The invention lies in the field of microcircuit cards suitable for interfacing with a contactless communication module in a terminal.
It should be recalled firstly that the ISO 7816 standard is a standard with very widespread use, in particular in certain secure documents, and in the microcircuit cards used in telecommunications (universal integrated circuit card (UICC) modules or embedded UICC (eUICC) modules) or for making bank transactions secure (smart cards).
It should be observed that a eUICC may be a microcircuit soldered directly to the printed circuit of the telephone.
In particular, the ISO 7816 standard defines protocol layers at “physical”, “transport”, and “application” levels for enabling communication to be set up between the microcircuit card and a terminal or reader with which the microcircuit card is connected.
The protocol layers at the “transport” and “application” levels enable communication channels to be set up between the microcircuit card and the terminal so that those entities can exchange messages.
FIG. 1 shows a startup sequence of the ISO 7816 standard between a microcircuit card 100 and a terminal 200, in accordance with the prior art. The communication is communication of the master/slave type, in which the microcircuit card replies (REP general message) to commands (CMD general message) from the master terminal. Thus, by way of example, the microcircuit card replies with the message “ATR T=1” to the “reset” command from the terminal.
In such communication of the master/slave type, the microcircuit card cannot take the initiative of sending a message; it must necessarily wait for a command from the terminal in order to communicate therewith.
Since the microcircuit card is necessarily inactive between two command/reply exchanges, in order to save energy, the terminal can decide to cease powering the microcircuit card during the time interval between receiving a reply from the card and sending the next command to the card.
That can lead to problems if the unpowered card has operations to perform during those time intervals.

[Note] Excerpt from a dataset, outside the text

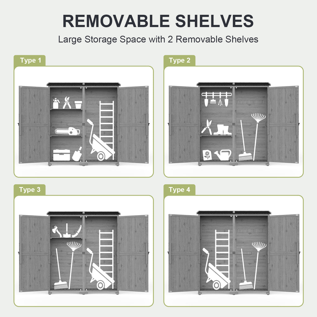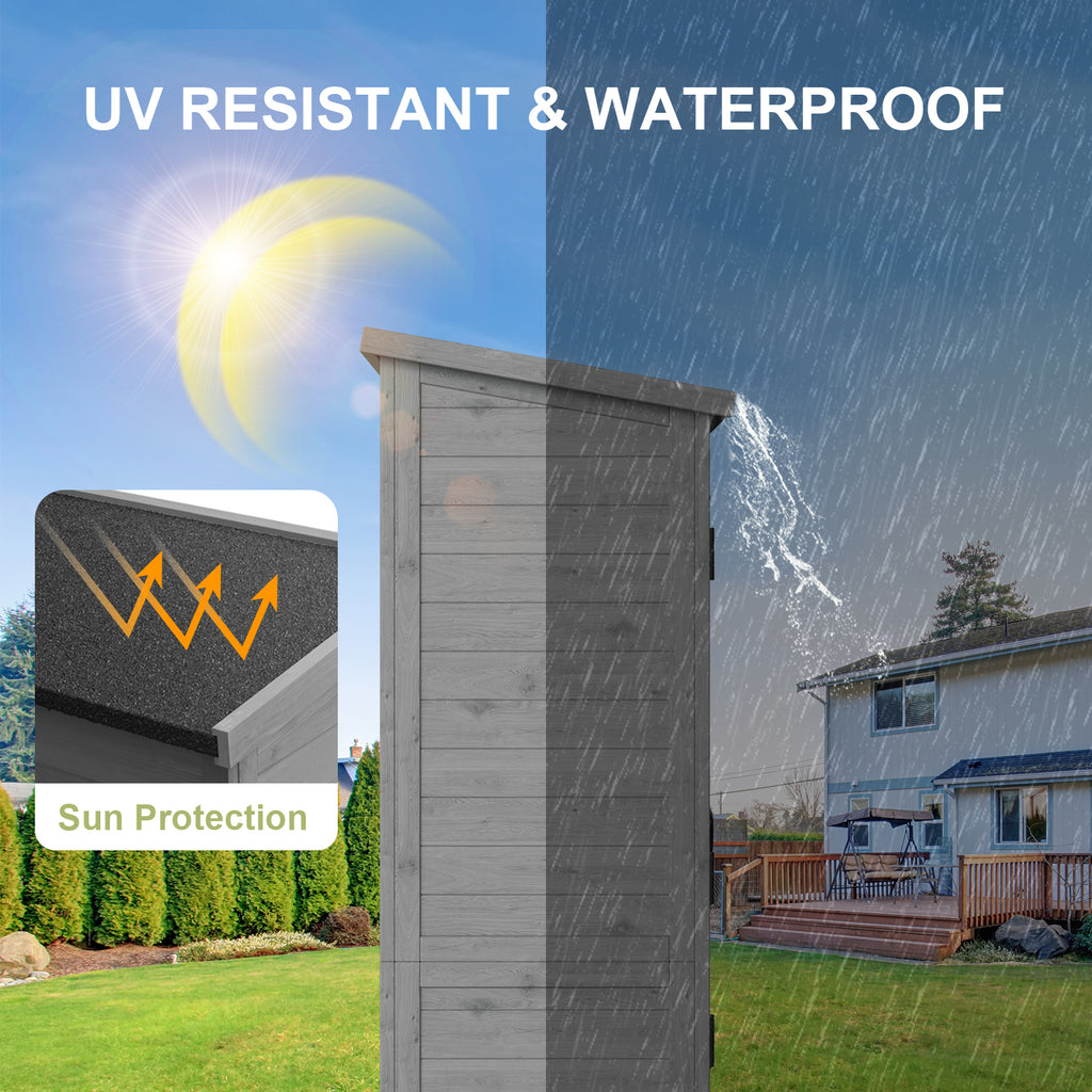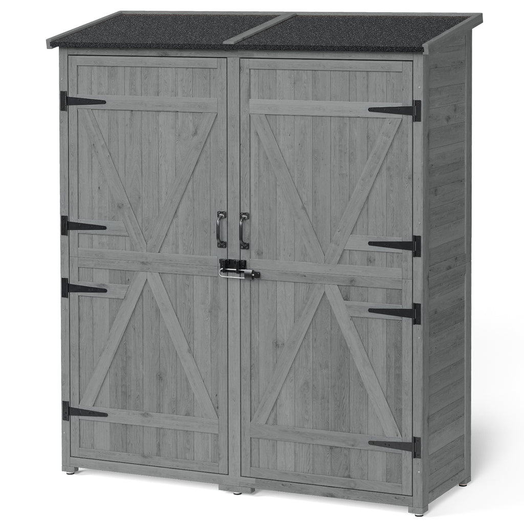 Asofer Outdoor Storage Cabinet with Floor, Waterproof Roof, Double Lockable Doors Garden Shed with 2 Removable Shelves, Gray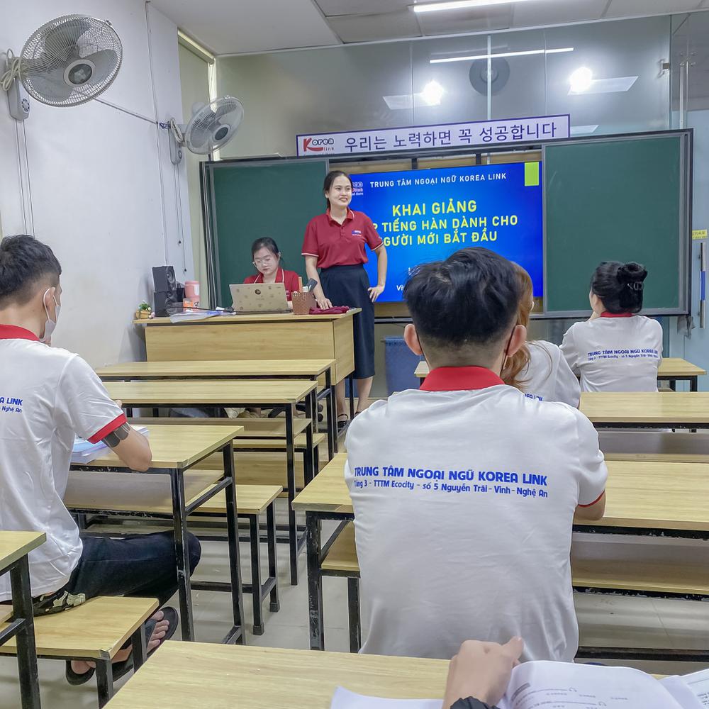 Không khí hân hoan, rộn ràng tràn ngập tại Trung tâm Ngoại ngữ Korea Link trong buổi khai giảng lớp tiếng Hàn dành cho người mới vừa qua. Sự kiện đánh dấu khởi đầu cho hành trình học tiếng Hàn đầy hứng khởi của đông đảo học viên ở mọi lứa tuổi – từ học sinh, sinh viên, người đi làm cho đến những bạn đang chuẩn bị đi Hàn Quốc theo chương trình EPS, du học hoặc xuất khẩu lao động .

In order to avoid such drawbacks, the ISO 7816 protocol provides a mechanism whereby the microcircuit card can use a “procedure byte” provided for this purpose in the transport frames in order to request the terminal to provide power for an additional period of time so as to be able to perform operations.
New generations of microcircuit card are also known that are suitable for communicating with a contactless front end (CLF) communication module using the single wire protocol (SWP) defined in the European Telecommunications Standards Institute (ESTI) document TS 102 613 V9.2.0 and shown in FIG. 2. It should be noted with reference to this figure that the SWP interface provides communication in full duplex mode between the microcircuit card and the contactless communication module, in which:                the signal S1 is a voltage modulated digital signal for messages sent by the contactless communication module 200 to the microcircuit card 100; and        the signal S2 is a current modulated digital signal for messages sent by the microcircuit card 100 to the contactless communication module 200.        
FIG. 3 shows the hardware implementation of the SWP interface of FIG. 2, as described in Chapter 5.1 of ETSI document TS 102 613 V9.2.0.
Unfortunately, the SWP protocol does not provide a mechanism equivalent to in the one of the above-described ISO 7816 protocol which aims at enabling a microcircuit card 200 to request the contactless communication module 100 to continue to power it outside periods needed for master/slave type exchanges between those entities.
Consequently, the present state of the art does not provide a solution for a microcircuit card for guarantying that it will be powered by the terminal to which it is connected via an SWP interface for a length of time that is sufficient to enable it to carry out an internal operation in full.
The present invention seeks to provide a mechanism that does not present the above-mentioned drawbacks.